# [Given records]
^^^^^^^^

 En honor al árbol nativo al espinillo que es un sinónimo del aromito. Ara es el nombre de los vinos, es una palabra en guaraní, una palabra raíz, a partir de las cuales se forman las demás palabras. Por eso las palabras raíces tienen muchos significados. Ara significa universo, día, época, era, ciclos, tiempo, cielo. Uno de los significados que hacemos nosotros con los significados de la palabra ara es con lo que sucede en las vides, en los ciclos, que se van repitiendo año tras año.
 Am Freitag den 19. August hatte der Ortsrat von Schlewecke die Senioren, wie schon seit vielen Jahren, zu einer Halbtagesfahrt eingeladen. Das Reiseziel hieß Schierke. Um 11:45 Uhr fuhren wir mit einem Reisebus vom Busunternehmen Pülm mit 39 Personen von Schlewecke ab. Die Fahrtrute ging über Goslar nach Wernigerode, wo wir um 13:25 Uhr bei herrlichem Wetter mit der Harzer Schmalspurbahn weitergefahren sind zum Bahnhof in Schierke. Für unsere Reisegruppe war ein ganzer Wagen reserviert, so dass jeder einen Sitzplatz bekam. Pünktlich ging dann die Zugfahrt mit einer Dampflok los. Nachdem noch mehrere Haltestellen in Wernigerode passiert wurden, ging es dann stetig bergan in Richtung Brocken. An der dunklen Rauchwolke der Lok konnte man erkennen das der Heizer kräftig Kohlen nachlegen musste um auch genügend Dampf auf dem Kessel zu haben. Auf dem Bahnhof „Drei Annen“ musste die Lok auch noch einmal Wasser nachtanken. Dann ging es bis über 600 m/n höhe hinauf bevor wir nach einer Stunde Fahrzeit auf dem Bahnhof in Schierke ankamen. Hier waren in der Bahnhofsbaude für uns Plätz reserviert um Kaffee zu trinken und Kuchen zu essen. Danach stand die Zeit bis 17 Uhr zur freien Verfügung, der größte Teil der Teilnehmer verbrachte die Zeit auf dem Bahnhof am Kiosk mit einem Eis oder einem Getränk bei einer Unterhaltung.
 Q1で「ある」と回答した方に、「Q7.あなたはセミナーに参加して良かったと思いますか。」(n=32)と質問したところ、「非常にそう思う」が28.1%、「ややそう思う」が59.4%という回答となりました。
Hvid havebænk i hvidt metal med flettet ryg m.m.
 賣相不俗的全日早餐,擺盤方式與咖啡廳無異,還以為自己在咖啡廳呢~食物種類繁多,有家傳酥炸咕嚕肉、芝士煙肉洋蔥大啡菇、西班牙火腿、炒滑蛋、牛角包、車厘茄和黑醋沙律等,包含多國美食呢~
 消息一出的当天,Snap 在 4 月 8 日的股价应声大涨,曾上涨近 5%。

^^^^^^^^

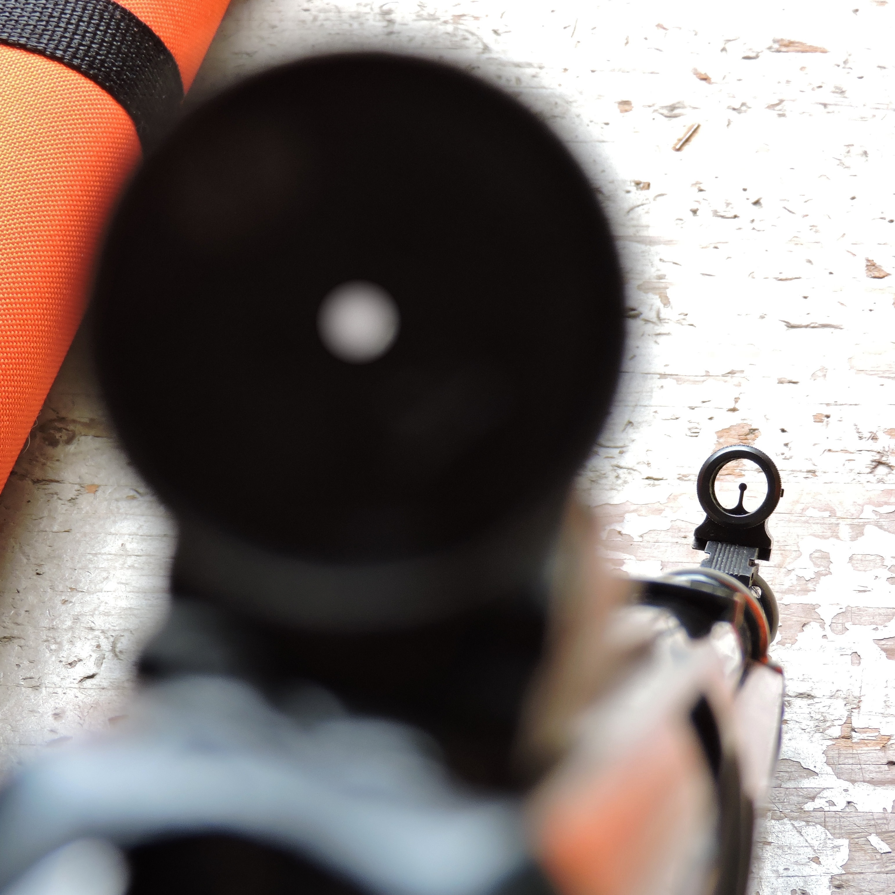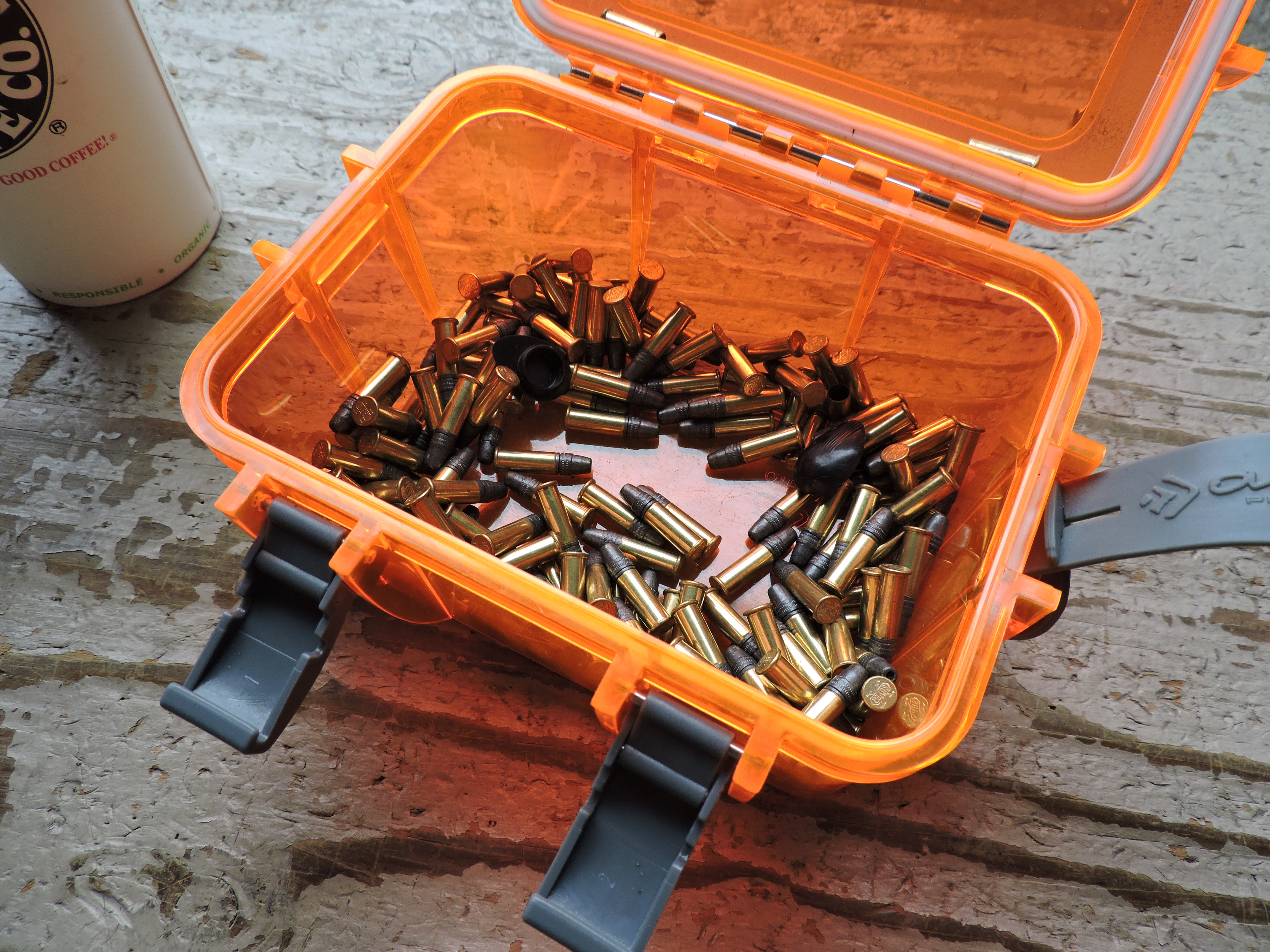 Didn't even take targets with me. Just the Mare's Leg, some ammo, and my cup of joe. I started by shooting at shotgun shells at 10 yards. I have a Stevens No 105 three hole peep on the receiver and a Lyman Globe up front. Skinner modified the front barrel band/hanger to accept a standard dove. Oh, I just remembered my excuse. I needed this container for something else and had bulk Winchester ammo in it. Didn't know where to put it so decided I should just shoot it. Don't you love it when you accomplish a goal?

^^^^^^^^

# [Task brief]
Where the data above reaches the line holding "賣相不俗的全日早餐,擺盤方式", begin printing, and stop after the line holding "消息一出的当天,Snap 在 4 月 8 日的股价应声大涨,曾上涨近 5%。". Each line must be reproduced exactly, with nothing else added.

# [Answer to this exercise]
 賣相不俗的全日早餐,擺盤方式與咖啡廳無異,還以為自己在咖啡廳呢~食物種類繁多,有家傳酥炸咕嚕肉、芝士煙肉洋蔥大啡菇、西班牙火腿、炒滑蛋、牛角包、車厘茄和黑醋沙律等,包含多國美食呢~
 消息一出的当天,Snap 在 4 月 8 日的股价应声大涨,曾上涨近 5%。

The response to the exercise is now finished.